__Your objective__
Return exactly the lines of the records below, starting at the line that contains "そんな合同説明会ですが、福祉" and ending at the line that contains "Black and white", with both of those lines kept.

__Dataset extract__
────────────────

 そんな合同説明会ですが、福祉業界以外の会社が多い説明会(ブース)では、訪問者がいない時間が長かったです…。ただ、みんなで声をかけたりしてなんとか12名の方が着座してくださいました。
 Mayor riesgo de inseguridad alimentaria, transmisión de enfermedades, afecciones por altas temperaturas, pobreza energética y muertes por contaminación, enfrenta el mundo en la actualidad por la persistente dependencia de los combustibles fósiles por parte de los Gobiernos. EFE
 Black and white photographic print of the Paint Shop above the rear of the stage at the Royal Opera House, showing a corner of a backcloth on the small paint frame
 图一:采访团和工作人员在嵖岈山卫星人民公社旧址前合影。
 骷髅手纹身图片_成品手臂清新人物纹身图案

────────────────

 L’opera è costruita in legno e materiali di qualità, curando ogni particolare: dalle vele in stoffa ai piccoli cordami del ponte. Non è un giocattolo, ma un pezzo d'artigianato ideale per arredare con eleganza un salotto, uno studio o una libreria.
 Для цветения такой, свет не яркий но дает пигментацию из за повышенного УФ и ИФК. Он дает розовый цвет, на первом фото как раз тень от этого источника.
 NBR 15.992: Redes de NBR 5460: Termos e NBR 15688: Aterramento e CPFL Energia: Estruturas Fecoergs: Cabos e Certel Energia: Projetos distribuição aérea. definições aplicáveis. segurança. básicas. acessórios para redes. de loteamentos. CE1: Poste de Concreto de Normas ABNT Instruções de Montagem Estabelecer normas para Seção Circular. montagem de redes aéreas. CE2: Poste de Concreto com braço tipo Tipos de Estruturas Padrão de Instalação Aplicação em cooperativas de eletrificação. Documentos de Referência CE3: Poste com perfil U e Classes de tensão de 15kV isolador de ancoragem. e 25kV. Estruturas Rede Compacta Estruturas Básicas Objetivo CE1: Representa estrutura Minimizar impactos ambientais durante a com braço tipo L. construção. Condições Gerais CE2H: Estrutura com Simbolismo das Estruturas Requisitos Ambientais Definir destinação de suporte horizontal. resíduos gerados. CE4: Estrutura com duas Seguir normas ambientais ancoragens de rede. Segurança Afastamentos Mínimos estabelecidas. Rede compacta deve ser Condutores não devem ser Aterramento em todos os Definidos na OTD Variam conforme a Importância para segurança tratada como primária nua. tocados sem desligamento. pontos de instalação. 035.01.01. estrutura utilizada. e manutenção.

────────────────

__Output for this task__
 そんな合同説明会ですが、福祉業界以外の会社が多い説明会(ブース)では、訪問者がいない時間が長かったです…。ただ、みんなで声をかけたりしてなんとか12名の方が着座してくださいました。
 Mayor riesgo de inseguridad alimentaria, transmisión de enfermedades, afecciones por altas temperaturas, pobreza energética y muertes por contaminación, enfrenta el mundo en la actualidad por la persistente dependencia de los combustibles fósiles por parte de los Gobiernos. EFE
 Black and white photographic print of the Paint Shop above the rear of the stage at the Royal Opera House, showing a corner of a backcloth on the small paint frame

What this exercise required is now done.